• **Supplied data**
++++++

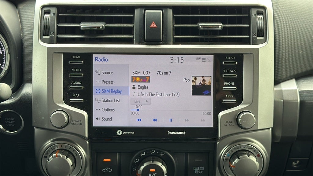 This 2024 Toyota 4Runner TRD Sport in Blue comes with the following features: 4.0L V6 DOHC 24V 5-Speed with ECT 4WD 4WD, Black/Graphite Artificial Leather, 3.727 Axle Ratio, 4-Wheel Disc Brakes, 8 Speakers, ABS brakes, Air Conditioning, Alloy wheels, AM/FM radio: SiriusXM, Anti-whiplash front head restraints, Apple CarPlay/Android Auto, Auto High-beam Headlights, Black Roof Rails, Brake assist, Bumpers: body-color, Driver door bin, Driver vanity mirror, Dual front impact airbags, Dual front side impact airbags, Electronic Stability Control, Emergency communication system: Safety Connect (1-year trial), Exterior Parking Camera Rear, Front anti-roll bar, Front Bucket Seats, Front Center Armrest, Front fog lights, Front reading lights, Front wheel independent suspension, Heated door mirrors, Illuminated entry, Knee airbag, Leather Shift Knob, Leather steering wheel, Low tire pressure warning, Occupant sensing airbag, Outside temperature display, Overhead airbag, Overhead console, Panic alarm, Passenger door bin, Passenger vanity mirror, Power door mirrors, Power driver seat, Power steering, Power windows, Radio: Audio, Rear anti-roll bar, Rear seat center armrest, Rear window defroster, Rear window wiper, Remote keyless entry, Security system, Shift Knob, SofTex Seat Trim, Speed control, Speed-sensing steering, Split folding rear seat, Spoiler, Steering wheel mounted audio controls, Tachometer, Telescoping steering wheel, Tilt steering wheel, Traction control, TRD Sport Badge, TRD Sport Carpet Floor Mats, Trip computer, Variably intermittent wipers, and Wheels: 20 Unique Dual 6-Spoke Alloy.
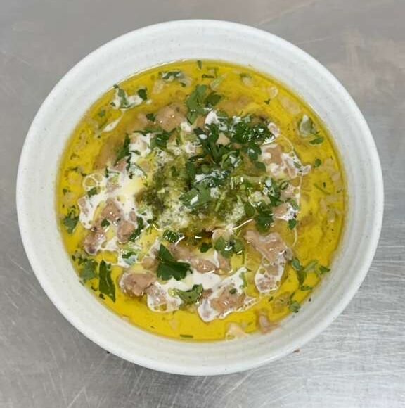 Slow-cooked fava beans mashed with fresh green pepper, garlic, lemon, and olive oil.
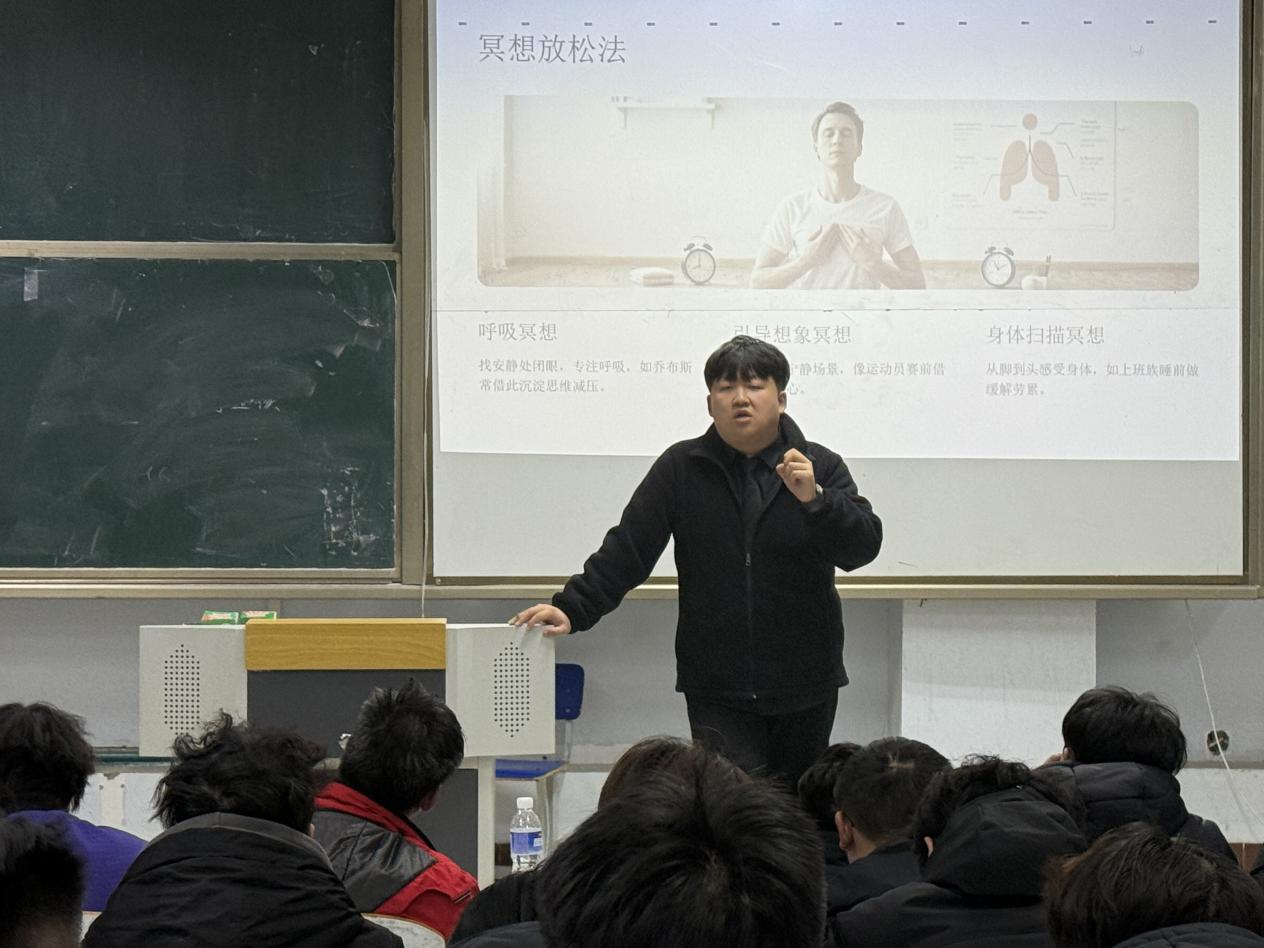 活动围绕压力产生、影响及释放方法展开。现场通过案例分享,剖析了经济负担、学业竞争等常见压力源,以及压力对身心的潜在影响。此外,还讲解了冥想放松、积极暗示等实用减压技巧,引导学生树立正确的压力应对观念。
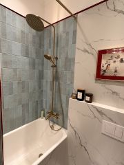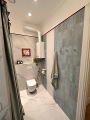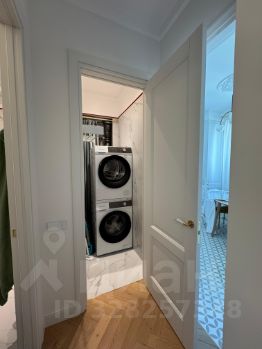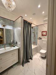 Ванная: чугунная немецкая ванна с шумоизоляцией, итальянская сантехника, подвесной унитаз, гигиенический душ, встроенный шкаф. Постирочная: стиральная машина 10,5 кг + сушка 9 кг.
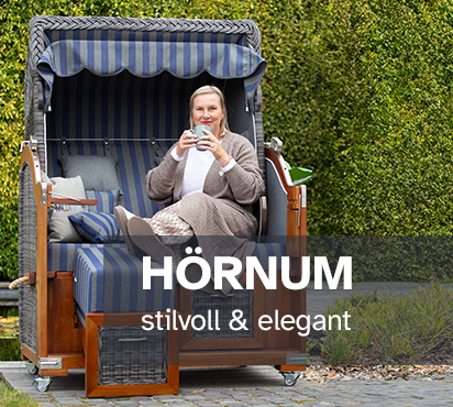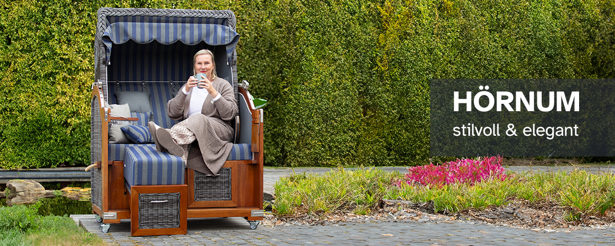 Der Strandkorb Hörnum ist die ideale Rückzugsoase für entspannte Momente auf Terrasse, Balkon oder im Garten. Das edle Mahagoniholz und das geflochtene PE-Geflecht verleihen ihm eine ansprechende Optik, während die passenden Stoffe für gemütliches Flair sorgen.
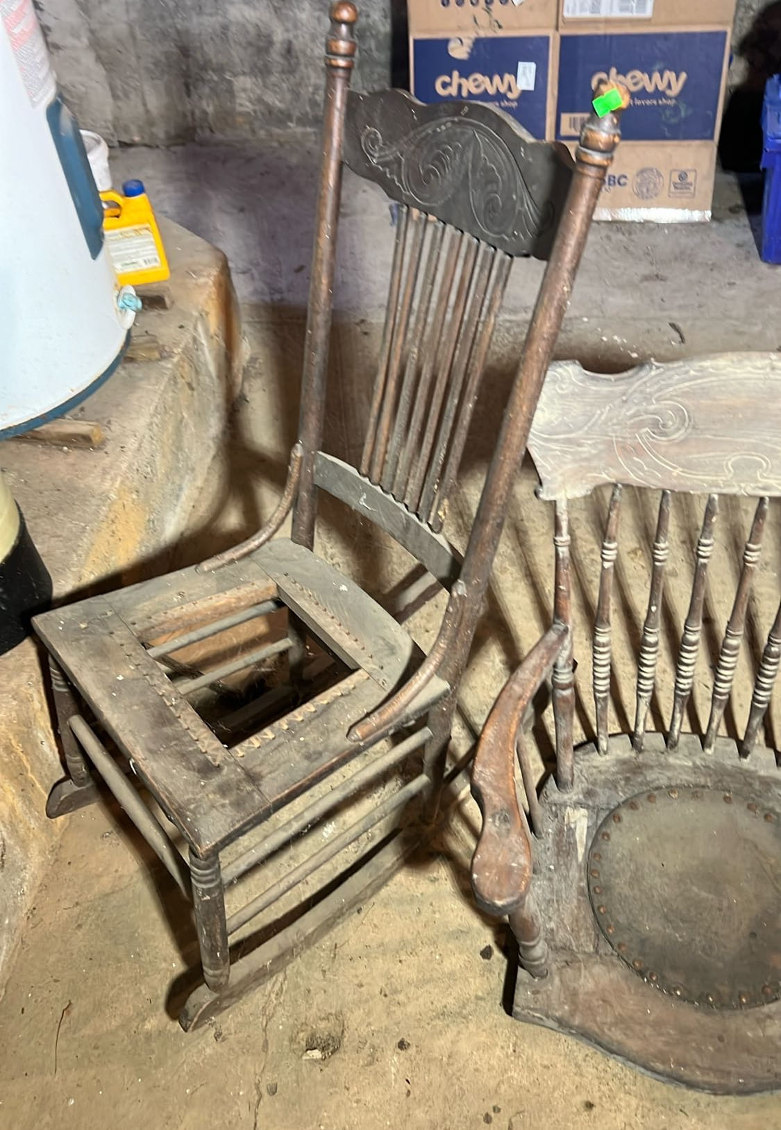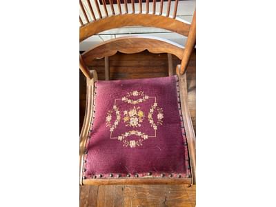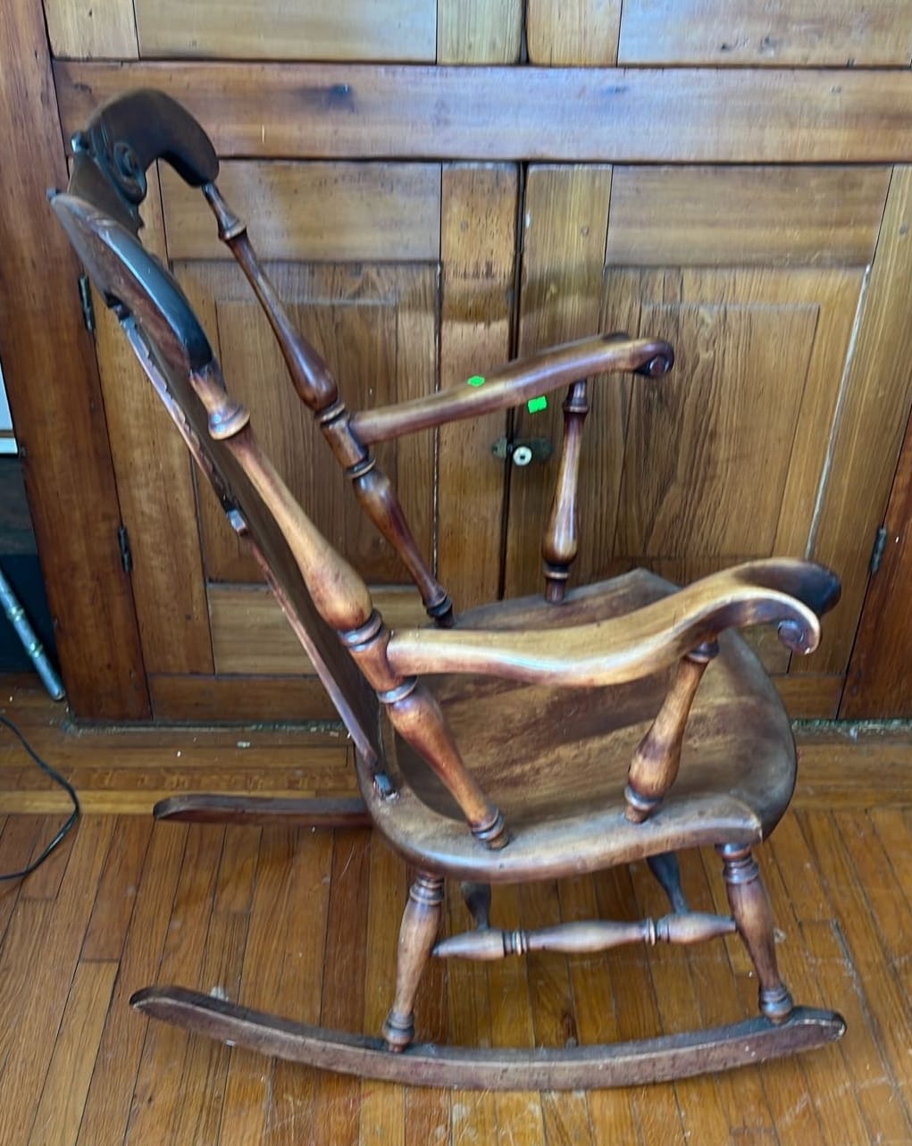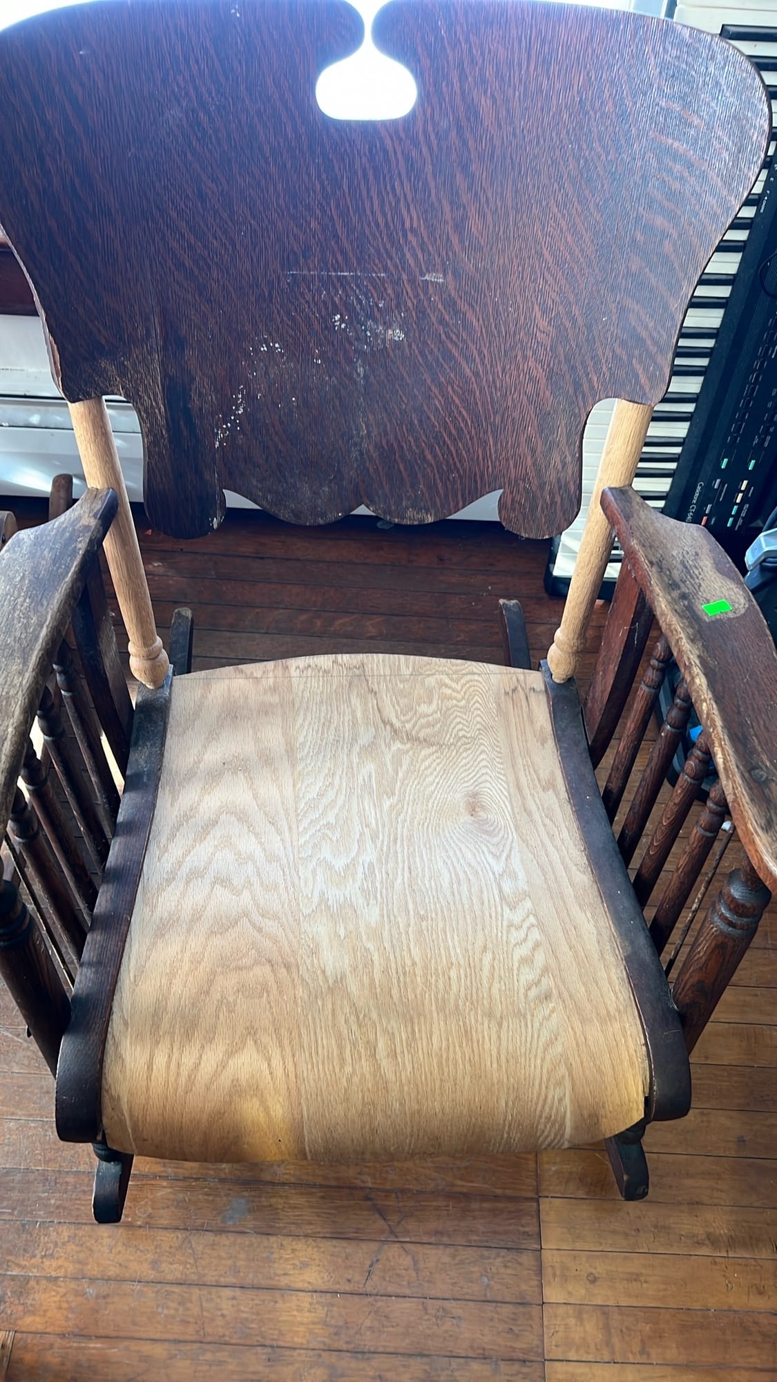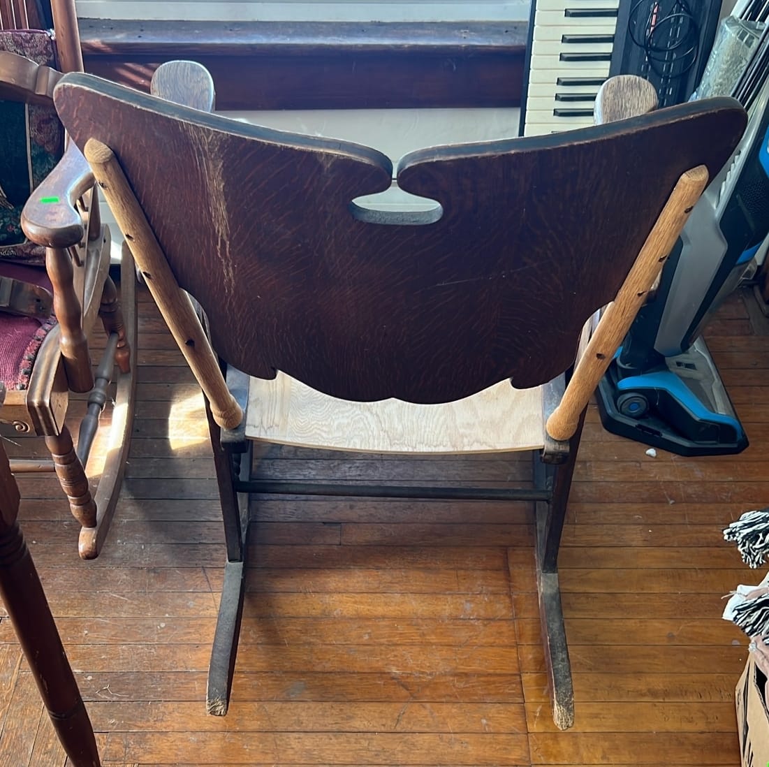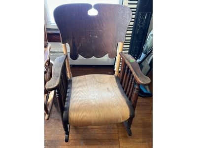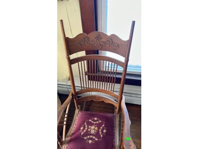 18 Ornate Wood Rocking Chair with Pillows 26”W Seat ht. 15”

++++++

• **Work task**
Everything from the line with "Ванная: чугунная немецкая" through the final line of the records above should be written out exactly, minus the pictures.

• **Your solution**
 Ванная: чугунная немецкая ванна с шумоизоляцией, итальянская сантехника, подвесной унитаз, гигиенический душ, встроенный шкаф. Постирочная: стиральная машина 10,5 кг + сушка 9 кг.
 Der Strandkorb Hörnum ist die ideale Rückzugsoase für entspannte Momente auf Terrasse, Balkon oder im Garten. Das edle Mahagoniholz und das geflochtene PE-Geflecht verleihen ihm eine ansprechende Optik, während die passenden Stoffe für gemütliches Flair sorgen.
 18 Ornate Wood Rocking Chair with Pillows 26”W Seat ht. 15”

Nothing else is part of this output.